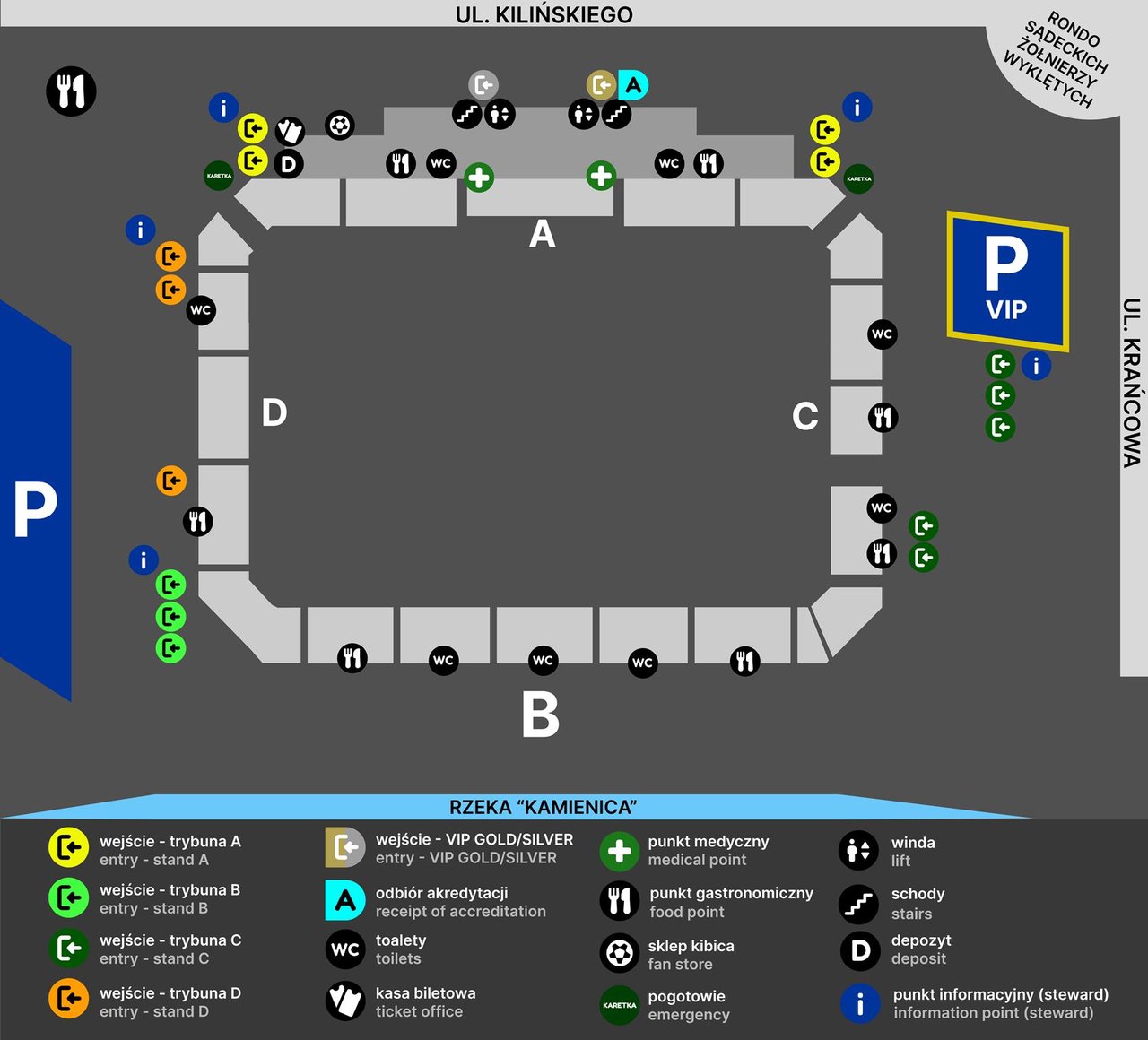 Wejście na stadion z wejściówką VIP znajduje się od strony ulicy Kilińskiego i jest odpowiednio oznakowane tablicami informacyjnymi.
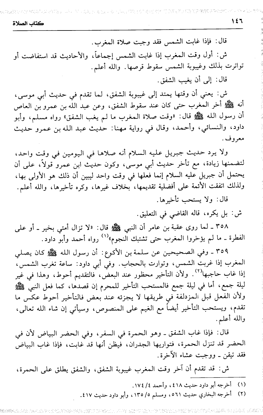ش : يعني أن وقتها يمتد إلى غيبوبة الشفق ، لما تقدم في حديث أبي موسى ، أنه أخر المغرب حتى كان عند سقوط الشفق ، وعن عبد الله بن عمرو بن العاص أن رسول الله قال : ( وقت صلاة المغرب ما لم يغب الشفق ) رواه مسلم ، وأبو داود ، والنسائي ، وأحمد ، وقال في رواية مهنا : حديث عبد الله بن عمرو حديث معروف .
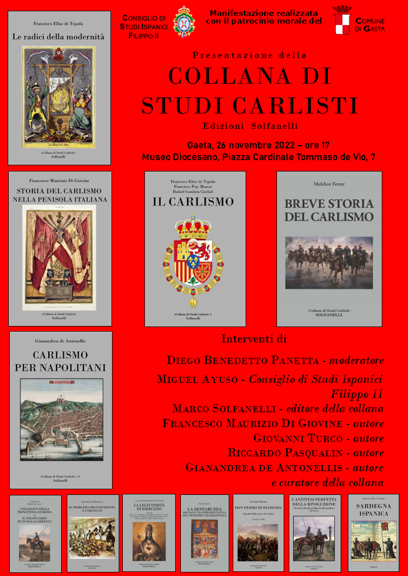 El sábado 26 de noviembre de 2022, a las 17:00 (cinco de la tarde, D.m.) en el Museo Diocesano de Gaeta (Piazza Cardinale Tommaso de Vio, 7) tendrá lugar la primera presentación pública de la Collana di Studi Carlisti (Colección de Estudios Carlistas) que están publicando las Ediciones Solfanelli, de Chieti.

...

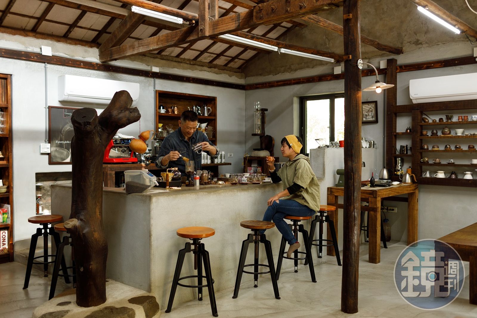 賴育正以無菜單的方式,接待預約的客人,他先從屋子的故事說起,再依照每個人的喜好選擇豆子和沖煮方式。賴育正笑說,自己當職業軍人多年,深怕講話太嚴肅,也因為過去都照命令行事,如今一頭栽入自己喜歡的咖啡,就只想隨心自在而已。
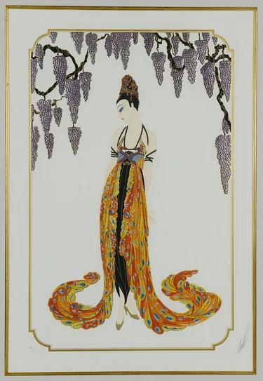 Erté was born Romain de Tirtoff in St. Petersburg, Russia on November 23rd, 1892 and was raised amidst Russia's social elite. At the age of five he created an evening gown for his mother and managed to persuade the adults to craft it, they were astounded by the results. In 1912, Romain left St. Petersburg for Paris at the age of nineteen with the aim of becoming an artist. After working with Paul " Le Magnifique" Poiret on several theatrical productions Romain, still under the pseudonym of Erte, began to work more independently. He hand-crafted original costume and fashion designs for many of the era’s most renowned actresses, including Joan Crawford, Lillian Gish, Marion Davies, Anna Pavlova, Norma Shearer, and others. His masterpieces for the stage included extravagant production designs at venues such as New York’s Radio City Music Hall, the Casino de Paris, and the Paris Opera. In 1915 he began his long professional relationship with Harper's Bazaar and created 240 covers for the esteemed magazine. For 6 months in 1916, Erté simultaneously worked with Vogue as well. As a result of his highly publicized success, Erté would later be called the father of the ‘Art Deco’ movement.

PROBLEM DESCRIPTION: Starting at the line containing "Wejście na stadion" and finishing at the line containing "ش : يعني أن", return those lines exactly as they appear above, without the pictures.

ANSWER TO THIS TASK:
 Wejście na stadion z wejściówką VIP znajduje się od strony ulicy Kilińskiego i jest odpowiednio oznakowane tablicami informacyjnymi.
ش : يعني أن وقتها يمتد إلى غيبوبة الشفق ، لما تقدم في حديث أبي موسى ، أنه أخر المغرب حتى كان عند سقوط الشفق ، وعن عبد الله بن عمرو بن العاص أن رسول الله قال : ( وقت صلاة المغرب ما لم يغب الشفق ) رواه مسلم ، وأبو داود ، والنسائي ، وأحمد ، وقال في رواية مهنا : حديث عبد الله بن عمرو حديث معروف .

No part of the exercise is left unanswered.